Where each approach wins
Keep page objects for large, stable regression suites, sub-second per-test budgets, pixel-precise interactions, and anywhere a network-free deterministic run is mandatory. Reach for plain English for new coverage you need today, UIs that churn weekly, smoke and journey tests, and any test a product manager should be able to read in review.
The SDET in our scenario kept all 800 Selenium regression tests and moved 15 of the worst selector-churn victims to markdown. Both suites run in the same pipeline and gate merges the same way: by exit code.
FAQ
Is an LLM-driven test deterministic enough for CI?
Treat the exit code as the contract. verify steps fail the run with exit code 1 when an assertion is false, and --max-steps plus --timeout bound any wandering. That is solid for smoke and journey gates, but it is goal-determinism, not a drop-in replacement for trace-identical compliance suites.
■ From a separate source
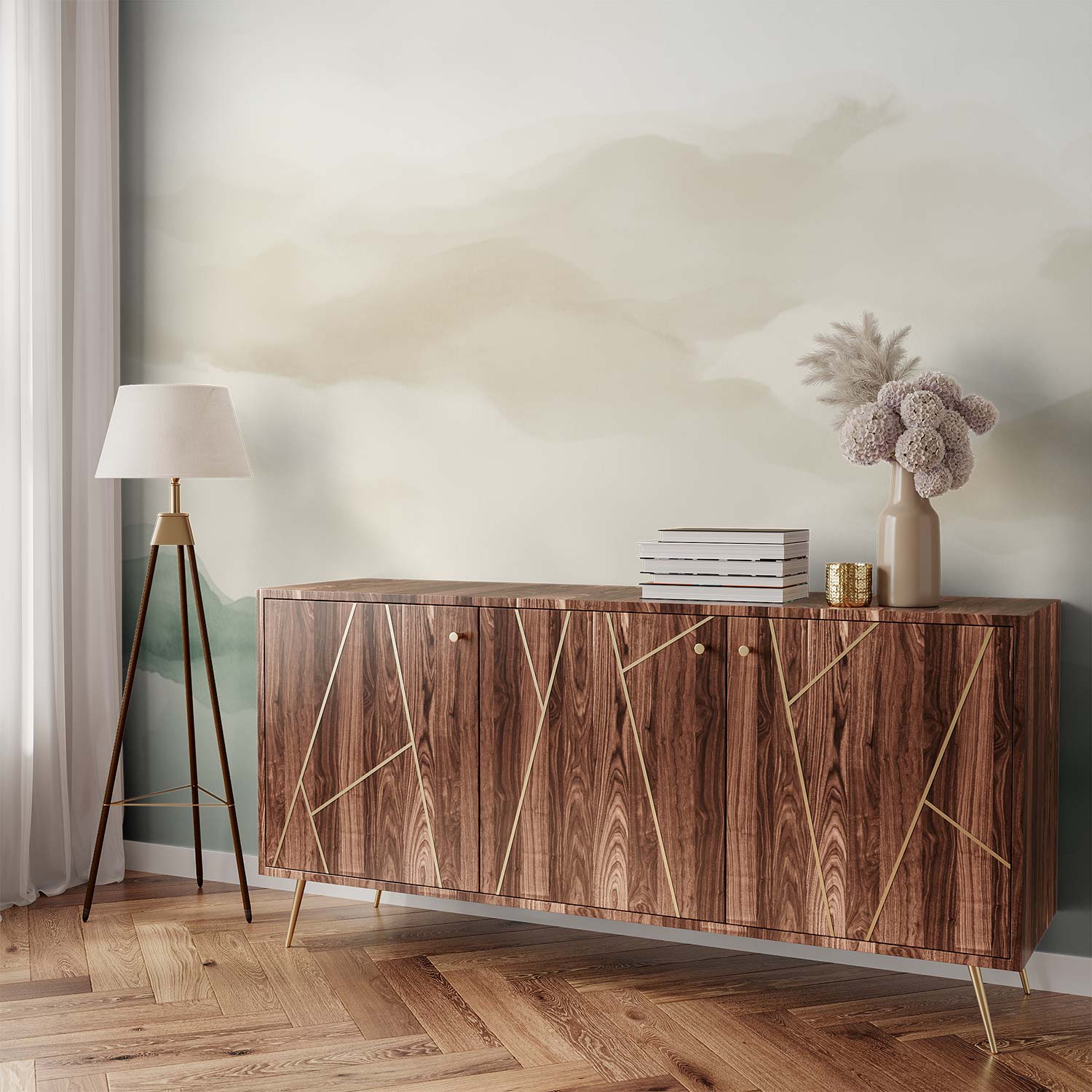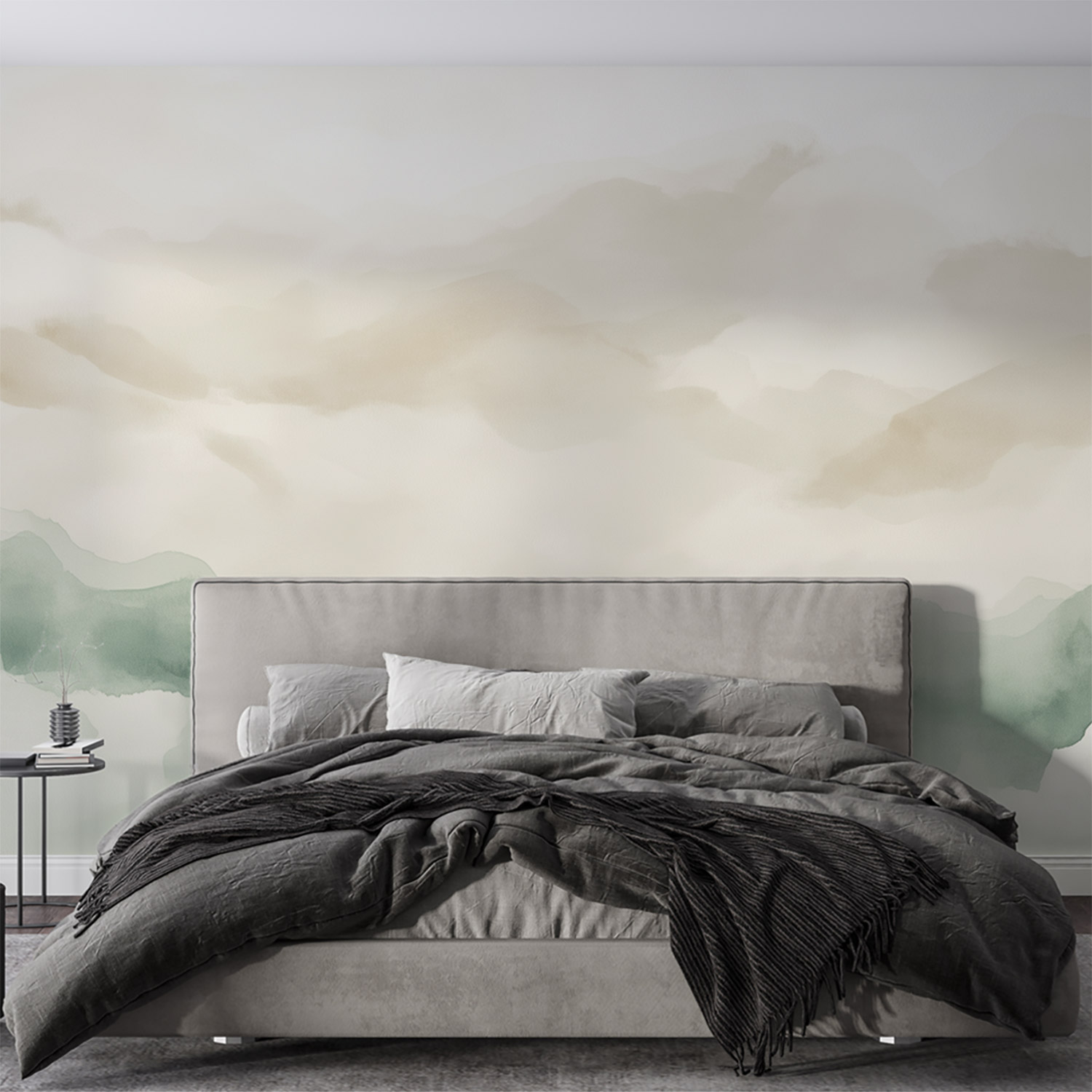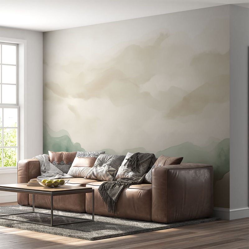 Zachte waterverf tinten dansen in harmonieuze groene en beige tonen, als een ademende levende entiteit. Dit behang brengt een kalmerende diepte in je ruimte, waar kleuren zachtjes in elkaar overvloeien en een serene sfeer creëren. Perfect voor interieurs die verlangen naar een vredige retreat, het transformeert muren in een contemplatief kunstwerk dat zowel rust uitstraalt als visuele interesse toevoegt.

What does a run actually cost?
With the default Ollama resolution, there is no API cost — the model runs on your hardware. With hosted models, a multi-step login costs a few thousand tokens at your chosen model's rates, and --model openrouter/<vendor>/<model> lets you trade cost against capability per run without editing the test.
Do I have to choose between Selenium and BrowserBash?
No. The realistic pattern is coexistence: Selenium keeps the deep regression suite, BrowserBash covers fast-moving smoke and journey flows, and both report to CI through the same pass/fail exit-code convention.